In [20]:
from sklearn.datasets import load_iris
from sklearn.metrics import accuracy_score
from sklearn.model_selection import train_test_split
import xgboost as xgb

In [2]:
iris = load_iris()
len(iris['data'])

150

In [3]:
num_samples, num_features = iris.data.shape
num_samples, num_features

(150, 4)

In [4]:
print(iris.target_names)

['setosa' 'versicolor' 'virginica']


Let's divide our data into 20% reserved for testing our model, and the remaining 80% to train it with. By withholding our test data, we can make sure we're evaluating its results based on new flowers it hasn't seen before. Typically we refer to our features (in this case, the petal sizes) as X, and the labels (in this case, the species) as y.

In [5]:
X_train, X_test, y_train, y_test = train_test_split(iris.data,
                                                    iris.target,
                                                    test_size=0.2,
                                                   random_state=0)
len(X_train), len(X_test), len(y_train), len(y_test)

(120, 30, 120, 30)

Now, we'll load up XBoost, and covert our data into the DMatrix format it expects.
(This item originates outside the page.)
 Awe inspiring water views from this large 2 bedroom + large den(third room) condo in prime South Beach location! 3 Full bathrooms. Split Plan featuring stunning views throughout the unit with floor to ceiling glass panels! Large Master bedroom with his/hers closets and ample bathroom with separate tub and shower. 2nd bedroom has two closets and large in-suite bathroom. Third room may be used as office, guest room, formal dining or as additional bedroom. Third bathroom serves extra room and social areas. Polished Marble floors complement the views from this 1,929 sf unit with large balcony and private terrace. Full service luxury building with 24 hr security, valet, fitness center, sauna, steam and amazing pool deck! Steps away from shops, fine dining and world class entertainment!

One for the training data, and one for the test data

In [13]:
train = xgb.DMatrix(X_train, label=y_train)
test = xgb.DMatrix(X_test, label=y_test)
train, test

(<xgboost.core.DMatrix at 0x163e3f070>, <xgboost.core.DMatrix at 0x106e153d0>)
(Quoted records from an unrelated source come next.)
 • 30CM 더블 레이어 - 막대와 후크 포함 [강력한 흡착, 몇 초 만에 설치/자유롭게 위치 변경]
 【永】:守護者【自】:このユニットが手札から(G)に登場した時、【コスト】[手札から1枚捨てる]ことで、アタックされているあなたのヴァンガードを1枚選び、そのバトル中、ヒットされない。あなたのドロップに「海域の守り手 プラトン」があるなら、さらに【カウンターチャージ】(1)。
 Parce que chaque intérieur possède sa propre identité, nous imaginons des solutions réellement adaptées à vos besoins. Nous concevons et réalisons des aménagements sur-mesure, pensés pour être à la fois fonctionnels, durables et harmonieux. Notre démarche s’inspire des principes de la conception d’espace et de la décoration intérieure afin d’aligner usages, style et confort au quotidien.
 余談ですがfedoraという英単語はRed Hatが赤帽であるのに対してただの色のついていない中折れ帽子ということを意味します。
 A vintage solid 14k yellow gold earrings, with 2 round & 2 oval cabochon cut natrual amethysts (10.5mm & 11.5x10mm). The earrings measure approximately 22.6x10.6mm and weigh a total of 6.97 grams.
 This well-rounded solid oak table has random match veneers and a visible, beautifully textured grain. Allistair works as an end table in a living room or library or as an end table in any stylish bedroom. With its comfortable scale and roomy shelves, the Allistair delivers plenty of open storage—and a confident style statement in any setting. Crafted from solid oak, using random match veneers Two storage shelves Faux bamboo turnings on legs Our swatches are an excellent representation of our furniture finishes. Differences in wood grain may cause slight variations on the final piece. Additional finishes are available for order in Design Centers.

Now we'll define our hyperparameters.  We're choosing softmax since this is a multiple classification problem, but the other parameters should ideally be turned through experimentation.

In [16]:
param = {
    'max_depth': 4,
    'eta': 0.3,
    'objective': 'multi:softmax',
    'num_class': 3
}

epochs = 10

Let's go ahead and train our model using these parameters as a first guess.

In [17]:
model = xgb.train(param, train, epochs)
model

<xgboost.core.Booster at 0x106e15a30>

Now we'll use the trained model to predict classifications for the data we set aside for testing.  Each classification number we get back corresponds to a specific species of Iris.

In [18]:
predictions = model.predict(test)
predictions

array([2., 1., 0., 2., 0., 2., 0., 1., 1., 1., 2., 1., 1., 1., 1., 0., 1.,
       1., 0., 0., 2., 1., 0., 0., 2., 0., 0., 1., 1., 0.], dtype=float32)

In [21]:
accuracy_score(y_test, predictions)

1.0